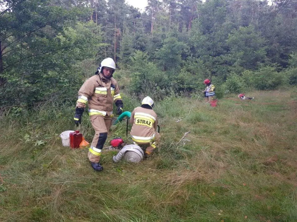Całości wykonywanych zadań praktycznych przyglądał się Komendant Powiatowy PSP st. bryg. Zbigniew Dziwulski wspólnie z Nadleśniczym Nadleśnictwa Durowo panem Sławomirem Kołaczem.
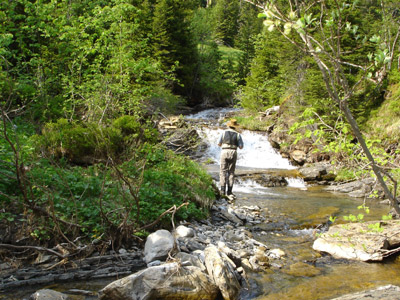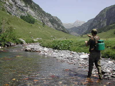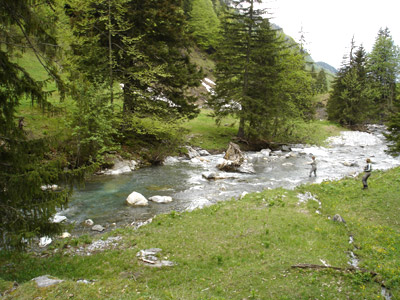The Gental Water (Gentalwasser) is far the most beautiful and productive creek in the Bernese Oberland. Flowing through green alpine meadows, the water has abundant food to make the wild alpine trout growing to far bigger sizes than in any other creek in the region. In contrast ot many other waters, we do not stock any bag size fish- all fish are naturally grown up and need many years to grow. During this time, the fish develop a lot of smartness, which will make fishing quite demanding. Fly fishing in the clear Gentalwasser is therefore one of the most exciting experiences a fly fisher man can have.
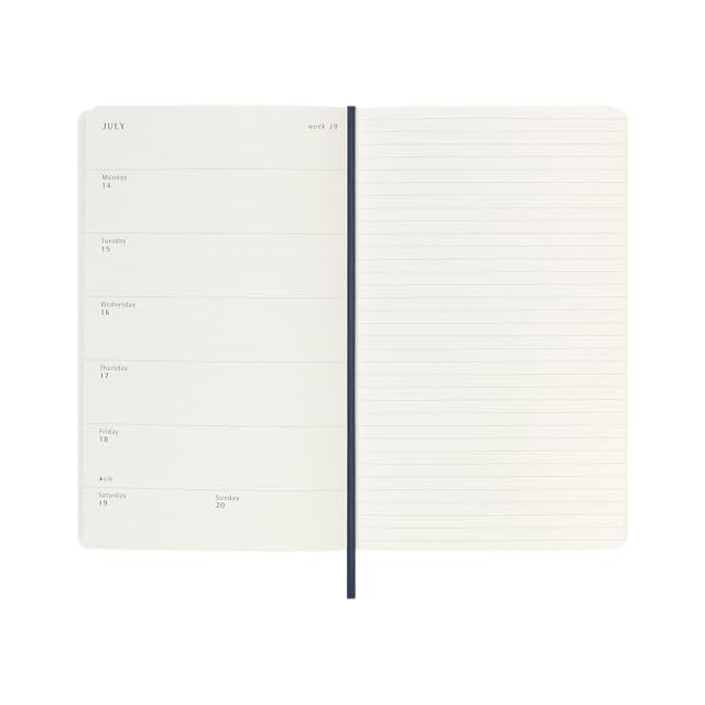 モレスキンの18か月 ウィークリー ノートブック ダイアリーは、7月から12月までのプランを記すことができます。左ページにその週の予定を、右側の罫線入りページにはメモやアイディアを記入できます。学生の方はもちろん、ビジネスシーンにもぴったりのデザインです。
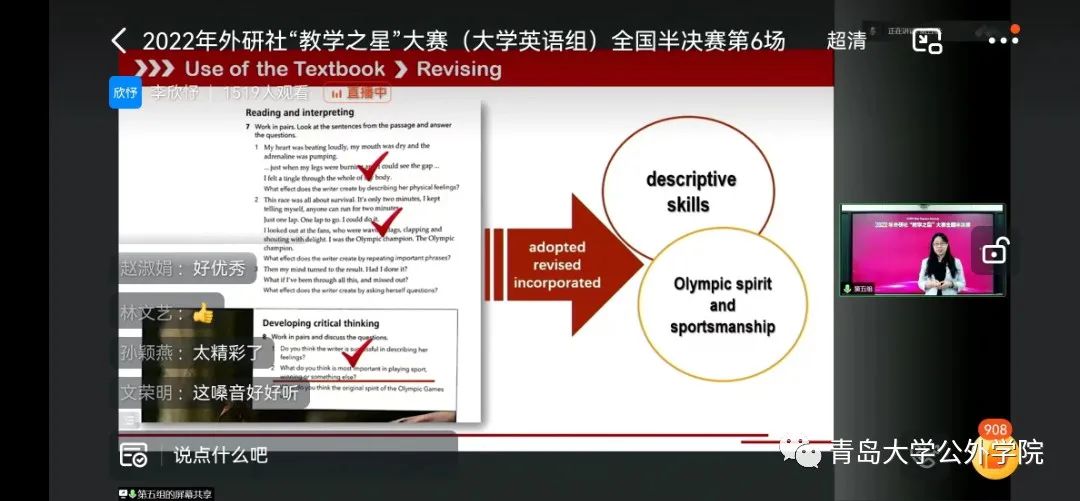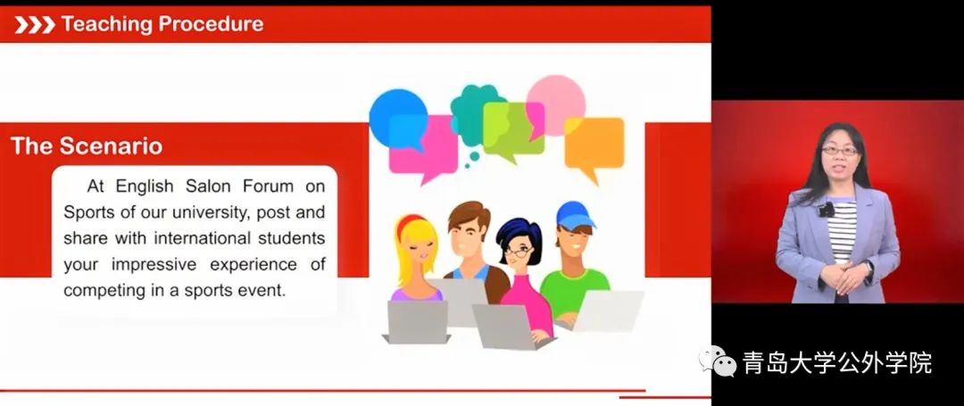 全国半决赛设置教学设计介绍、课堂教学展示和现场问答三个环节。李晓敏教师团队在说课环节应用POA“产出导向”教学法,创新《新标准大学英语综合教程2》第三单元教学设计,体现教师为主导、学生为主体、学习为中心、混合式学习、全人教育等先进教学理念,在实现知识、语言能力教学目标的同时,圆满完成培养学生奥林匹克体育精神、树立多元文化观、提升跨文化意识和交际能力的育人目标。在教学展示环节,参照POA的“促成环节”,深度挖掘和利用教材资源,将思政育人内容与语言教学有机结合,循序渐进引导学生进行积极有效的学习活动,为学生完成写作产出任务提供脚手架。现场回答问题思路清晰、反应迅速、阐释充分,受到评委一致好评。
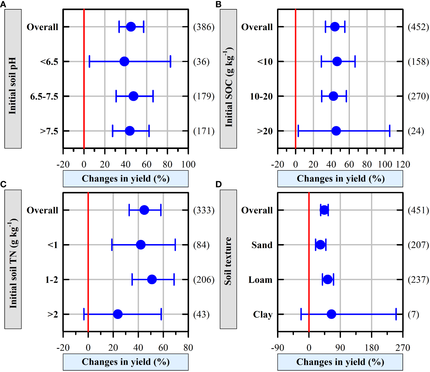 The effects of soil properties (A) initial soil pH, (B) initial SOC, (C) initial soil TN, and (D) soil texture on greenhouse vegetable yield. The numbers of observations are shown right parentheses. The blue horizontal bars represent the 95% confidence intervals (CIs). If the CI does not overlap with 0 red line, which indicates a significant effect at P < 0.05.
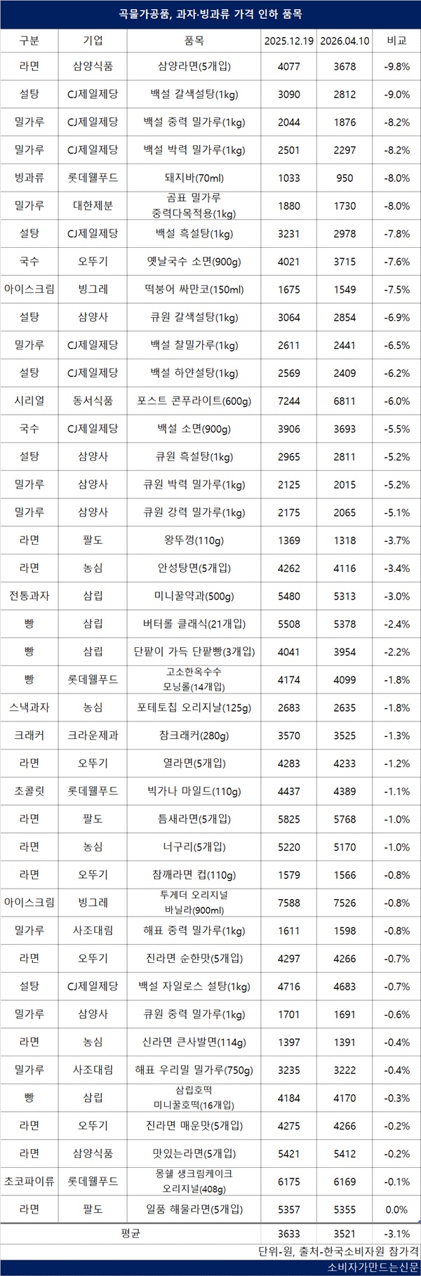 20일 소비자가만드는신문이 한국소비자원 참가격에서 제공하는 △곡물가공품 △과자·빙과류 등 총 67종의 판매가격을 지난해 연말과 비교한 결과 평균 0.6%(21원) 내려 제자리걸음 수준이었다.
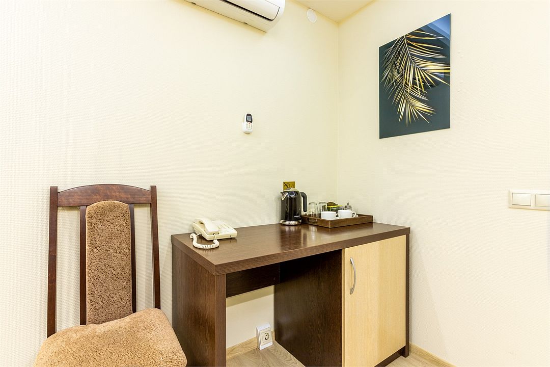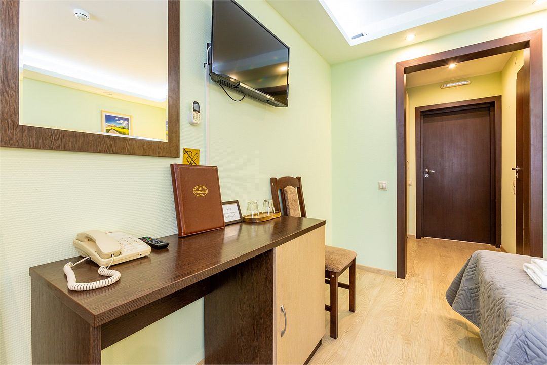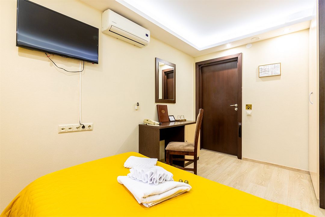спутниковое телевидение, Wi-Fi, интернет, телефон, кондиционер, система климат-контроля, светильник, фен, система безопасности, обогреватель, ванная комната, душевая кабина, ванна или душевая кабина, водонагреватель, банные принадлежности, банные полотенца, тапочки, гигиенические средства, косметические средства, односпальная кровать, ортопедический матрас, шкаф для одежды, вешалки, письменный стол, зеркало, звуконепроницаемые стены и окна, мини-бар, обслуживание номеров, сейф, раковина, отопление, душ, вид на город, кулер на этаже, центральное кондиционирование, общая ванная комната, вид во двор, ламинат, стаканы, внешняя ванная комната, стул, стол, тумба, туалетные средства, внутренний телефон, телевизор с плоским экраном, мини-холодильник, гостиничная парфюмерияВ гостиничном номере
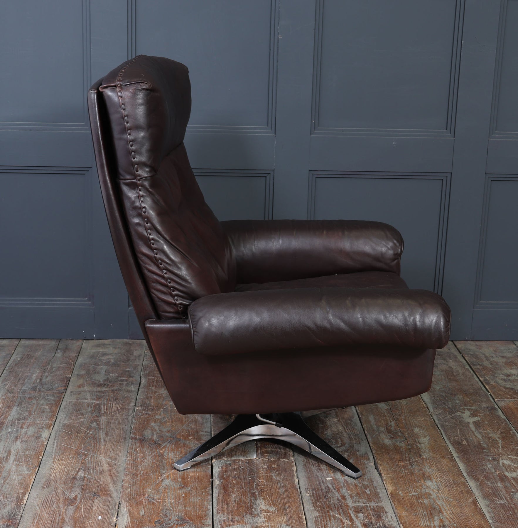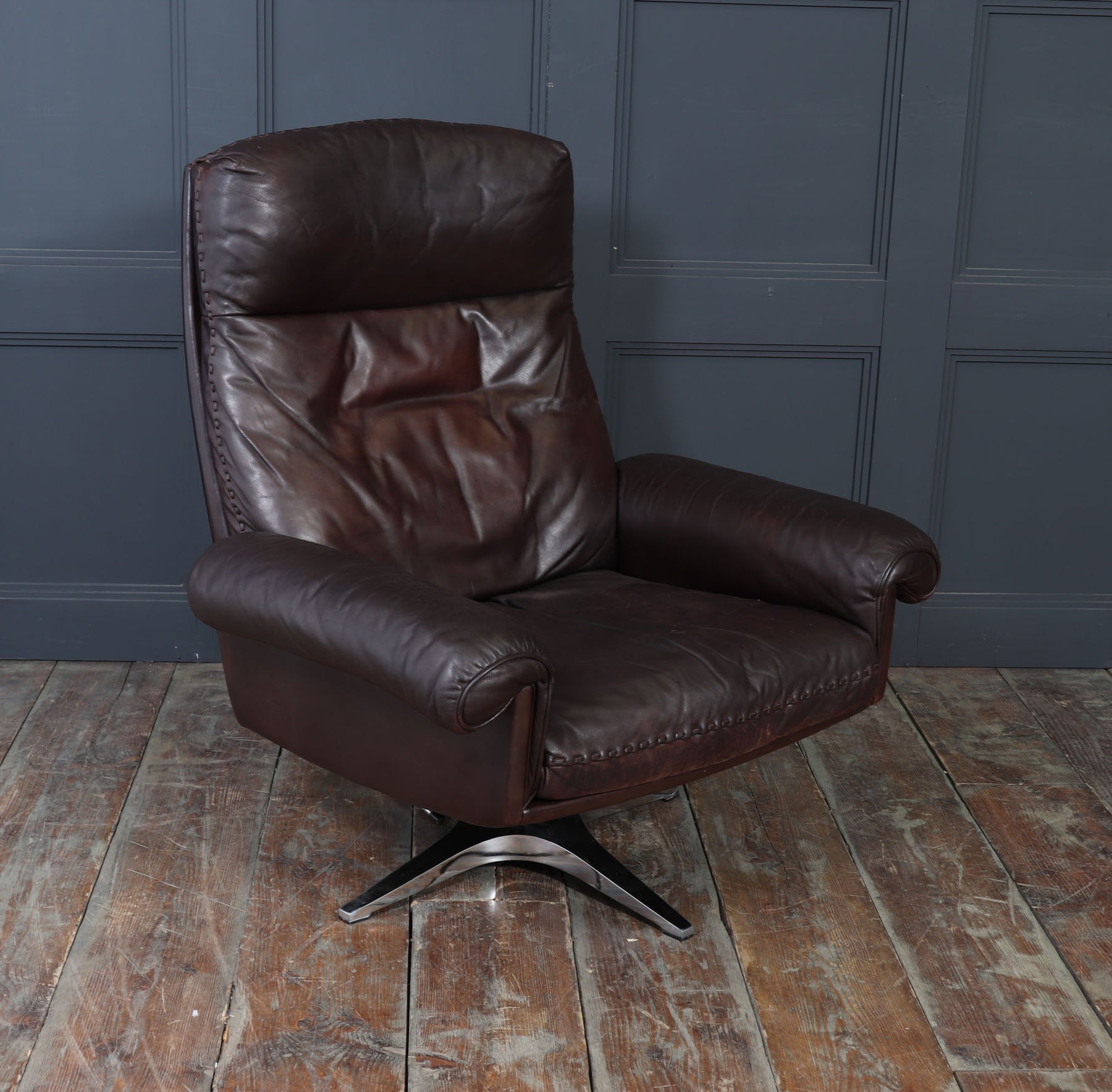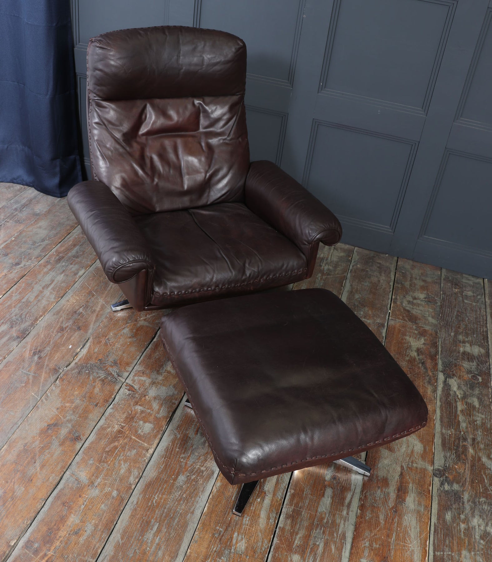 An iconic Swiss design by De Sede, this DS-31 reclining armchair and matching footstool offer the perfect blend of luxury, ergonomics, and timeless style. Upholstered in supple, dark brown leather with a rich patina, the set is supported by star-shaped chrome swivel bases, delivering a distinctive mid-century modern aesthetic.
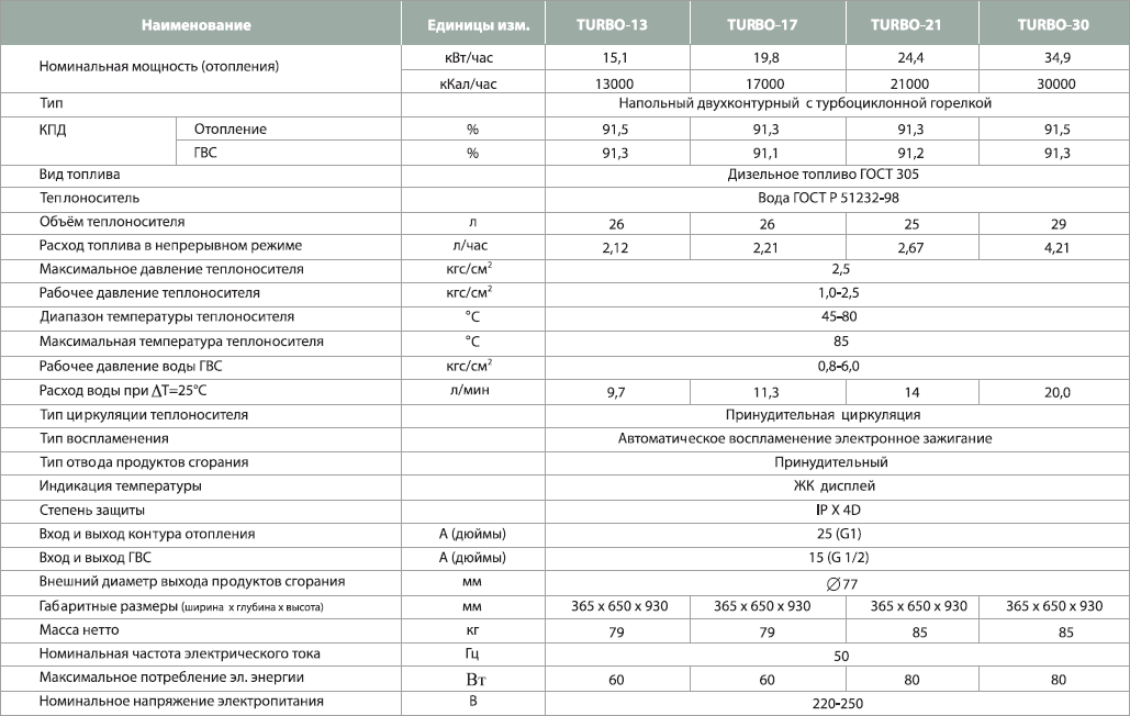 Технические характеристики дизельного котла Kiturami Turbo 21R указаны в таблице ниже, а также в паспорте котла Kiturami Turbo 21R во вкладке "Документация".

========================================

Once the pictures are removed, print all the remaining data exactly as it stands.

- _Solution for this task_
Całości wykonywanych zadań praktycznych przyglądał się Komendant Powiatowy PSP st. bryg. Zbigniew Dziwulski wspólnie z Nadleśniczym Nadleśnictwa Durowo panem Sławomirem Kołaczem.
The Gental Water (Gentalwasser) is far the most beautiful and productive creek in the Bernese Oberland. Flowing through green alpine meadows, the water has abundant food to make the wild alpine trout growing to far bigger sizes than in any other creek in the region. In contrast ot many other waters, we do not stock any bag size fish- all fish are naturally grown up and need many years to grow. During this time, the fish develop a lot of smartness, which will make fishing quite demanding. Fly fishing in the clear Gentalwasser is therefore one of the most exciting experiences a fly fisher man can have.
 モレスキンの18か月 ウィークリー ノートブック ダイアリーは、7月から12月までのプランを記すことができます。左ページにその週の予定を、右側の罫線入りページにはメモやアイディアを記入できます。学生の方はもちろん、ビジネスシーンにもぴったりのデザインです。
 全国半决赛设置教学设计介绍、课堂教学展示和现场问答三个环节。李晓敏教师团队在说课环节应用POA“产出导向”教学法,创新《新标准大学英语综合教程2》第三单元教学设计,体现教师为主导、学生为主体、学习为中心、混合式学习、全人教育等先进教学理念,在实现知识、语言能力教学目标的同时,圆满完成培养学生奥林匹克体育精神、树立多元文化观、提升跨文化意识和交际能力的育人目标。在教学展示环节,参照POA的“促成环节”,深度挖掘和利用教材资源,将思政育人内容与语言教学有机结合,循序渐进引导学生进行积极有效的学习活动,为学生完成写作产出任务提供脚手架。现场回答问题思路清晰、反应迅速、阐释充分,受到评委一致好评。
 The effects of soil properties (A) initial soil pH, (B) initial SOC, (C) initial soil TN, and (D) soil texture on greenhouse vegetable yield. The numbers of observations are shown right parentheses. The blue horizontal bars represent the 95% confidence intervals (CIs). If the CI does not overlap with 0 red line, which indicates a significant effect at P < 0.05.
 20일 소비자가만드는신문이 한국소비자원 참가격에서 제공하는 △곡물가공품 △과자·빙과류 등 총 67종의 판매가격을 지난해 연말과 비교한 결과 평균 0.6%(21원) 내려 제자리걸음 수준이었다.
спутниковое телевидение, Wi-Fi, интернет, телефон, кондиционер, система климат-контроля, светильник, фен, система безопасности, обогреватель, ванная комната, душевая кабина, ванна или душевая кабина, водонагреватель, банные принадлежности, банные полотенца, тапочки, гигиенические средства, косметические средства, односпальная кровать, ортопедический матрас, шкаф для одежды, вешалки, письменный стол, зеркало, звуконепроницаемые стены и окна, мини-бар, обслуживание номеров, сейф, раковина, отопление, душ, вид на город, кулер на этаже, центральное кондиционирование, общая ванная комната, вид во двор, ламинат, стаканы, внешняя ванная комната, стул, стол, тумба, туалетные средства, внутренний телефон, телевизор с плоским экраном, мини-холодильник, гостиничная парфюмерияВ гостиничном номере
 An iconic Swiss design by De Sede, this DS-31 reclining armchair and matching footstool offer the perfect blend of luxury, ergonomics, and timeless style. Upholstered in supple, dark brown leather with a rich patina, the set is supported by star-shaped chrome swivel bases, delivering a distinctive mid-century modern aesthetic.
 Технические характеристики дизельного котла Kiturami Turbo 21R указаны в таблице ниже, а также в паспорте котла Kiturami Turbo 21R во вкладке "Документация".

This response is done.